Maximizing Mobile
While the idea of scanning a bar code with your phone may seem like something straight out of the film “Minority Report,” the concept is closer to wide-spread adoption than you might think. Retailers throughout the world are finding ways to leverage the power of cell phones to increase sales, generate loyalty and improve customer convenience.
A quick glance at the numbers shows why mobile mania makes sense. After all, there are 260 million cell phones in the United States, compared with fewer than 100 million credit cards. Cell phones have become a part of our identity, while wallets just take up space in our pockets and purses.

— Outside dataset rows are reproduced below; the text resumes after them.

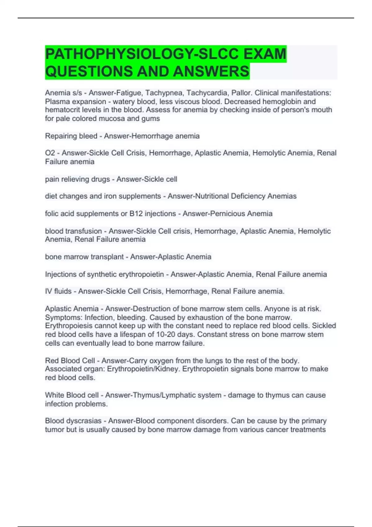 PATHOPHYSIOLOGY-SLCC EXAM QUESTIONS AND ANSWERS
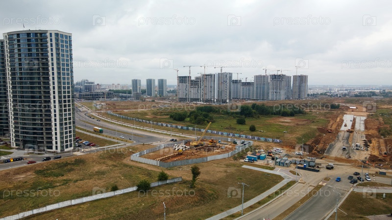 Строительная площадка нового городского квартала. Строительство многоэтажных домов. Пасмурная погода. Аэрофотосъемка
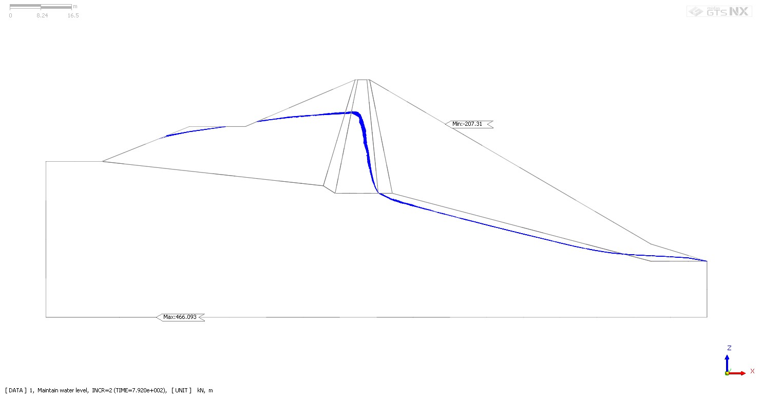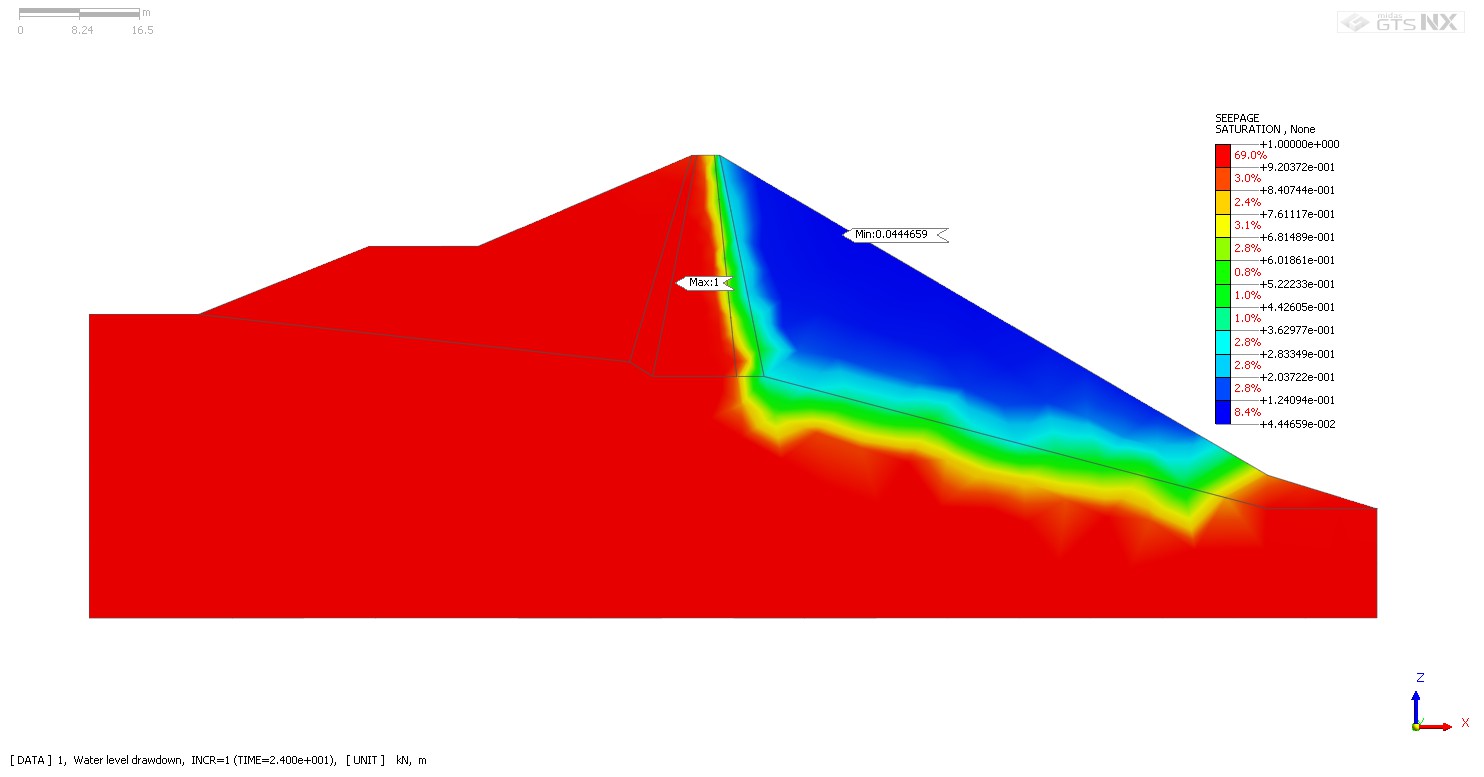 Обратим внимание на ядро плотины. Часть ядра плотины находится в зоне сатурации с показателем равным 1. Это говорит о том, что конструкция ядра недостаточно изолирует нижний откос от избыточного влагонасыщения, следовательно, такая ситуация может привести к обрушению нижнего откоса, о чем свидетельствует «синяя» зона, расположенная на всей площади нижнего откоса.

Tom Parker from San Francisco’s Bay Area Rapid Transit spoke last month at NRFtech about results from a trial that allowed participants to pay for their rides with cell phones. System-wide adoption of mobile payments would have a tremendous impact on overhead costs, Parker said: After all, it costs 6 cents to process every dollar bill that BART takes in. There was no doubt that mobile payments would be more economical.

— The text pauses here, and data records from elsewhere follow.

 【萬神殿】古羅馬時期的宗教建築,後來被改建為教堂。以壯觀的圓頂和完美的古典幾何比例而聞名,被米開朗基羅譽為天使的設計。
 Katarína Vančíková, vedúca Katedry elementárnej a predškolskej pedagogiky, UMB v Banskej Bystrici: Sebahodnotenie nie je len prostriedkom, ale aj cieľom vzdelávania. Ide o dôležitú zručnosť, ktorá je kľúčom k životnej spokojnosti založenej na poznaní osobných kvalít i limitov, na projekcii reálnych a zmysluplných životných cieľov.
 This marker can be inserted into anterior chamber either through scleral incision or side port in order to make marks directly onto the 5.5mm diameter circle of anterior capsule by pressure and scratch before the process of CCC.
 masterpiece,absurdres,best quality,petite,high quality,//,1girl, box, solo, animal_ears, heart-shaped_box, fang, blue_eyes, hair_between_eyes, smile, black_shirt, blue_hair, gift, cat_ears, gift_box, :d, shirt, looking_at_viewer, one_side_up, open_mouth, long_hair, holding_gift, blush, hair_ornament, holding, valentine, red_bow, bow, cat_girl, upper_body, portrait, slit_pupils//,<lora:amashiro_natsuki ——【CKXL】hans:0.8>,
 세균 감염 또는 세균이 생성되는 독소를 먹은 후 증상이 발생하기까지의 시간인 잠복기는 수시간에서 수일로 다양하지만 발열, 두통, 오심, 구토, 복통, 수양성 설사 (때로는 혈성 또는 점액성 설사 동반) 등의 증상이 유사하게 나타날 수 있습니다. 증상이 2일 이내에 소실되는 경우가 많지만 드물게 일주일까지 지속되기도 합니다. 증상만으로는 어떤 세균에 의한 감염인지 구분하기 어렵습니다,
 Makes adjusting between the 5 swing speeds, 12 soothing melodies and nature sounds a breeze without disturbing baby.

And minimizing overhead costs wasn’t the only goal: Jack in the Box used the BART trial to drive traffic. Trial participants could use their phones on nearby “smart ads” to find the closest Jack in the Box location and download a special coupon, then pay for their meals with their phones.

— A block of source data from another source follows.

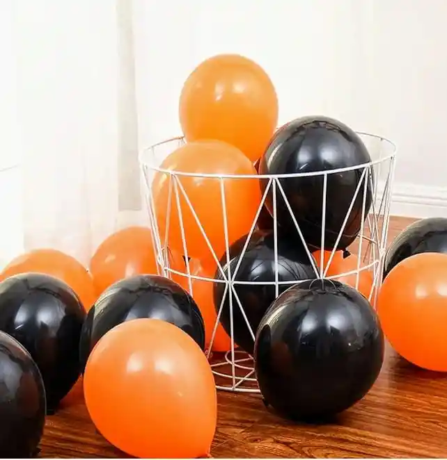 Globo Surtido Halloween Negro y Naranja Fashion R12 (Bolsa x 50 Unidades) Descripción: Celebra Halloween con estilo y color con este surtido de globos Fashion R12 en tonos negro y naranja. Perfectos para decorar fiestas, eventos o vitrinas temáticas con un toque elegante y festivo. •Tamaño: R12 (aprox. 30 cm de diámetro) •Colores: Negro y Naranja •Presentación: Bolsa por 50 unidades •Material: Látex de alta resistencia •Uso: Ideal para inflar con aire o helio 👉 Otros elementos mostrados en las imágenes son solo para ambientación; el producto incluye únicamente los globos. •Los globos se envían Desinflados
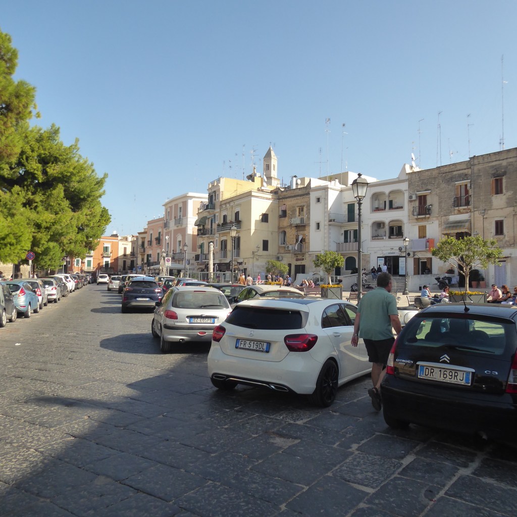 I liked this picture below as it gave a sense of the driving/parking rules for Bari, which are (obviously) meant to encourage maximum commerce. It’s all good – angled, parallel, double parking – just leave your car where you see fit and go about your business.
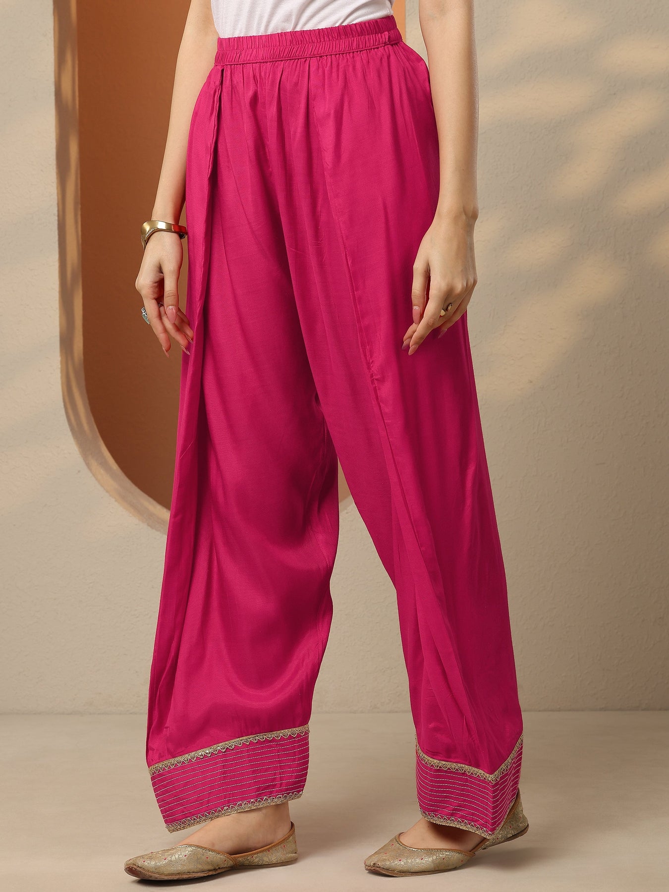Our 3-piece pink multi crepe straight-fit kurta set features a V-neckline, flared sleeves, and statement yoke. Complemented with salwar pants with a partially elasticated waistband and 2 pockets, and a printed dupatta. Adorned with Floral Printed, this style is perfect for festive occasions.
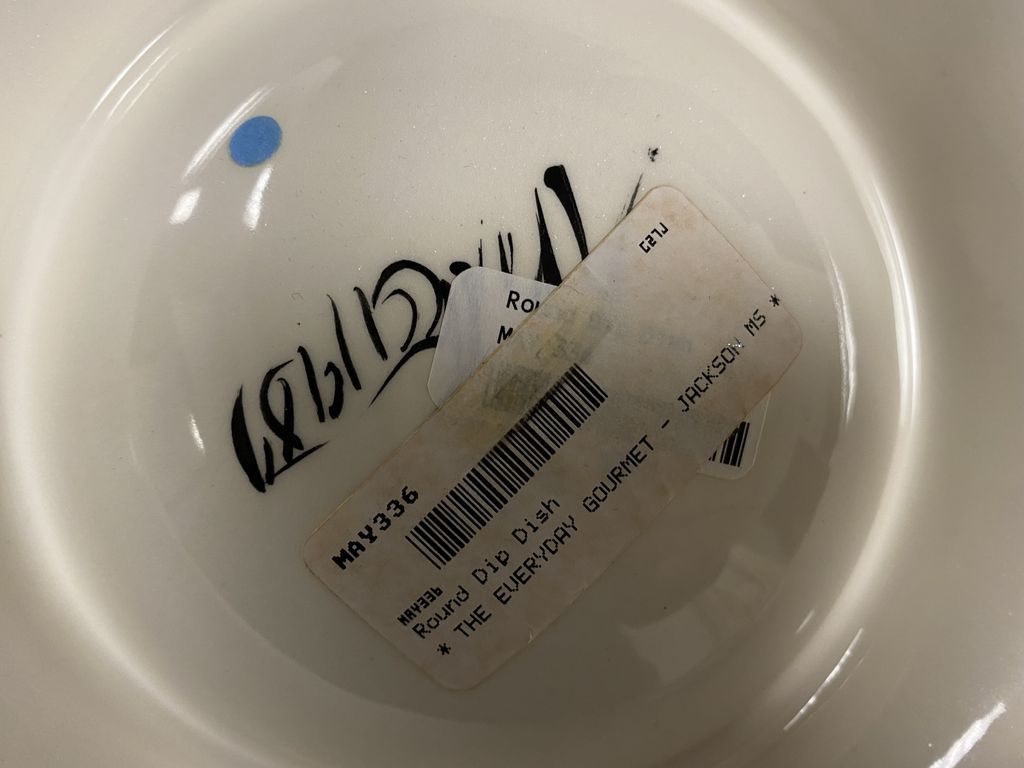 Signed Round Dip Dish, porcelain, hand painted. Signed Round Dip Dish, porcelain, hand painted.
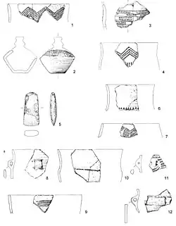 Bei der ersten Dokumentation der Anlage im Jahr 1976 wurden 71 teilweise tiefstichverzierte Keramikscherben der Trichterbecherkultur gefunden. Bei der Grabung von 2009 wurden weitere 873 Scherben gefunden. Wegen der starken Zerscherbung ließen sich nur eine Kragenflasche und eine flache Schale sicher rekonstruieren. Neben der Keramik wurden ein Feuerstein-Beil und 31 weitere Feuerstein-Artefakte (Klingen, Klingenkratzer, Schaber, Abschläge und eventuell Bohrer) entdeckt.
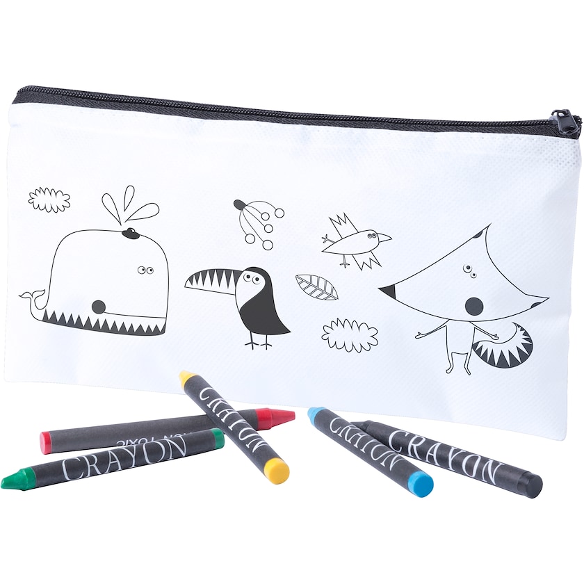 Il set contiene pastelli a cera e un astuccio. L'astuccio ha un motivo prestampato da colorare.
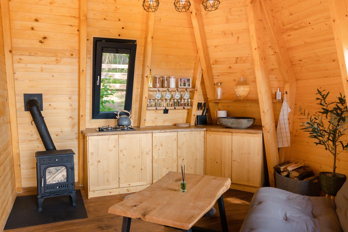 Chalúpka s vlastnou verandou je ideálnym miestom na oddych pre až 4 osoby. Nachádza sa na pokojnej lúke v blízkosti kempingu a ponúka nádherné výhľady na okolitú prírodu, ktoré si zamilujete hneď po príchode. ✨ Novinka od 2/26 ( príplatok 15eur, každý ďalší deň 5eur) k dispozícii vonkajšia KÚPACIA KAĎA umiestnená vedľa chalúpky. Kaďa nie je viditeľná od cesty a poskytne vám maximálne súkromie. PONUKA RAŇAJKOVÉHO KOŠÍKA - iba v nedeľu raňajkový košík 10 eur/ 1os. V prípade detí 6eur/1os.

Other retailers are rolling out the concept nationally. Last month, Polo Ralph Lauren announced that customers will soon be able to scan codes from print ads and storefront windows to be directed to a new mobile commerce site.
While these announcements are making news in the United States, the craze has already caught on in other parts of the world. In Japan, it’s not unusual to see people buying train tickets or vending machine products with their phones. And in the U.K., nearly half of mobile users have researched a product or service with their phones, while one in five has made a purchase with it.
U.S. consumers haven’t yet shown this same level of desire to embrace the mobile movement. As a result, the burden is on retailers and manufacturers to demonstrate the advantages, the airtight security and the ease of mobile payments.
There is another hurdle, too. While mobile may represent the next best thing for technology leaders, it can be challenging to convince others that its benefits outweigh the costs. At NRFtech, Kroger chief technology officer Jim Scott cautioned that the best way to sell the value of mobile payments is to focus on how it would improve the customer experience, not on how it could solve myriad technological issues.
For many large retailers, making the leap into mobile would require considerable investment, a solid database and a strong commitment from the top. But if we’ve learned anything from “Minority Report,” we should know not to dismiss the idea too quickly.